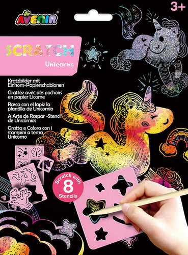 Ein tolles Bastelset für kleine Kinder. Dieses unterhaltsame Set kombiniert Kratztechniken und Schablonen. Mit 8 Schablonen und vielen verschiedenen Motiven lassen sich zauberhafte Bilder gestalten. Alter: ab 3 Jahren
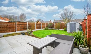 Stepping outside, you will find a superbly landscaped rear garden, complete with a tiled patio area, a well-maintained lawn, and attractive borders that add colour throughout the seasons. There is also a useful shed for additional storage. The front of the property benefits from a driveway with space for two vehicles, ensuring parking is never an issue.
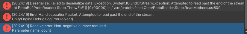 버퍼객체를 주고받는 테스트를 하던 와중 이런 오류들이 클라이언트(unity)에서 발생했다. 뭐라는지 알아보자
********
WORK INSTRUCTION → Give back each line above verbatim, dropping every picture.

RESULT FOR THIS EXERCISE →
 Ein tolles Bastelset für kleine Kinder. Dieses unterhaltsame Set kombiniert Kratztechniken und Schablonen. Mit 8 Schablonen und vielen verschiedenen Motiven lassen sich zauberhafte Bilder gestalten. Alter: ab 3 Jahren
 Stepping outside, you will find a superbly landscaped rear garden, complete with a tiled patio area, a well-maintained lawn, and attractive borders that add colour throughout the seasons. There is also a useful shed for additional storage. The front of the property benefits from a driveway with space for two vehicles, ensuring parking is never an issue.
 버퍼객체를 주고받는 테스트를 하던 와중 이런 오류들이 클라이언트(unity)에서 발생했다. 뭐라는지 알아보자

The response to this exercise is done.